Task goal:
Every line of the material must come back exactly as given.

Input records:
+++
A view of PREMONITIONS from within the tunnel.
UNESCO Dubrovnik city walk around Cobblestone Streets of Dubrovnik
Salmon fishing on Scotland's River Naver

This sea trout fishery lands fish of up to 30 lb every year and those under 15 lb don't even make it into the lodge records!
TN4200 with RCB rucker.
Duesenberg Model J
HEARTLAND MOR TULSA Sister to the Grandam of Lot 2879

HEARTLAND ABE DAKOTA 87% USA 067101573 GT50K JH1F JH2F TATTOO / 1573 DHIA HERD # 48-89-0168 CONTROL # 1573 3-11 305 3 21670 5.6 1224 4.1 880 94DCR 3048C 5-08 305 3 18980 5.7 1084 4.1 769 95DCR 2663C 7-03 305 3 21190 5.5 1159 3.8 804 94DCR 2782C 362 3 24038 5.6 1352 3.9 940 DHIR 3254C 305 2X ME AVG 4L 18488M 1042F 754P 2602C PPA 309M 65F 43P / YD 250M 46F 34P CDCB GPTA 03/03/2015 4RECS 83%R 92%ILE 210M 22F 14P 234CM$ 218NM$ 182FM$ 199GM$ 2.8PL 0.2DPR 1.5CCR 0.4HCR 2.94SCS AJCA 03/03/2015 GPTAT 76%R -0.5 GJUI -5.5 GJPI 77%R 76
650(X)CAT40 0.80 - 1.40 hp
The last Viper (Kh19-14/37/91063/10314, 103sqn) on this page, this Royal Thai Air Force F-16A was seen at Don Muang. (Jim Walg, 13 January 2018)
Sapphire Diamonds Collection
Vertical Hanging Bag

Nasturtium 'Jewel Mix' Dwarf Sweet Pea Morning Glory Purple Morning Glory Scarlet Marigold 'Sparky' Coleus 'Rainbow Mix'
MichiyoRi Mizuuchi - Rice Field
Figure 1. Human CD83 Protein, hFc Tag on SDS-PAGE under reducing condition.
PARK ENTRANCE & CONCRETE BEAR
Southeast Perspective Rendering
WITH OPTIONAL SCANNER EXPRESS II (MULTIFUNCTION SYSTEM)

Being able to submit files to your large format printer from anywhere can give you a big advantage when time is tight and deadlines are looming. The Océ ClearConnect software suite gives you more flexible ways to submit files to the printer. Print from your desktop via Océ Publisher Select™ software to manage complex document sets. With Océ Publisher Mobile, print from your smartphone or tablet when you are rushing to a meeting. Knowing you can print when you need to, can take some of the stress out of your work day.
+++
Task result:
A view of PREMONITIONS from within the tunnel.
UNESCO Dubrovnik city walk around Cobblestone Streets of Dubrovnik
Salmon fishing on Scotland's River Naver

This sea trout fishery lands fish of up to 30 lb every year and those under 15 lb don't even make it into the lodge records!
TN4200 with RCB rucker.
Duesenberg Model J
HEARTLAND MOR TULSA Sister to the Grandam of Lot 2879

HEARTLAND ABE DAKOTA 87% USA 067101573 GT50K JH1F JH2F TATTOO / 1573 DHIA HERD # 48-89-0168 CONTROL # 1573 3-11 305 3 21670 5.6 1224 4.1 880 94DCR 3048C 5-08 305 3 18980 5.7 1084 4.1 769 95DCR 2663C 7-03 305 3 21190 5.5 1159 3.8 804 94DCR 2782C 362 3 24038 5.6 1352 3.9 940 DHIR 3254C 305 2X ME AVG 4L 18488M 1042F 754P 2602C PPA 309M 65F 43P / YD 250M 46F 34P CDCB GPTA 03/03/2015 4RECS 83%R 92%ILE 210M 22F 14P 234CM$ 218NM$ 182FM$ 199GM$ 2.8PL 0.2DPR 1.5CCR 0.4HCR 2.94SCS AJCA 03/03/2015 GPTAT 76%R -0.5 GJUI -5.5 GJPI 77%R 76
650(X)CAT40 0.80 - 1.40 hp
The last Viper (Kh19-14/37/91063/10314, 103sqn) on this page, this Royal Thai Air Force F-16A was seen at Don Muang. (Jim Walg, 13 January 2018)
Sapphire Diamonds Collection
Vertical Hanging Bag

Nasturtium 'Jewel Mix' Dwarf Sweet Pea Morning Glory Purple Morning Glory Scarlet Marigold 'Sparky' Coleus 'Rainbow Mix'
MichiyoRi Mizuuchi - Rice Field
Figure 1. Human CD83 Protein, hFc Tag on SDS-PAGE under reducing condition.
PARK ENTRANCE & CONCRETE BEAR
Southeast Perspective Rendering
WITH OPTIONAL SCANNER EXPRESS II (MULTIFUNCTION SYSTEM)

Being able to submit files to your large format printer from anywhere can give you a big advantage when time is tight and deadlines are looming. The Océ ClearConnect software suite gives you more flexible ways to submit files to the printer. Print from your desktop via Océ Publisher Select™ software to manage complex document sets. With Océ Publisher Mobile, print from your smartphone or tablet when you are rushing to a meeting. Knowing you can print when you need to, can take some of the stress out of your work day.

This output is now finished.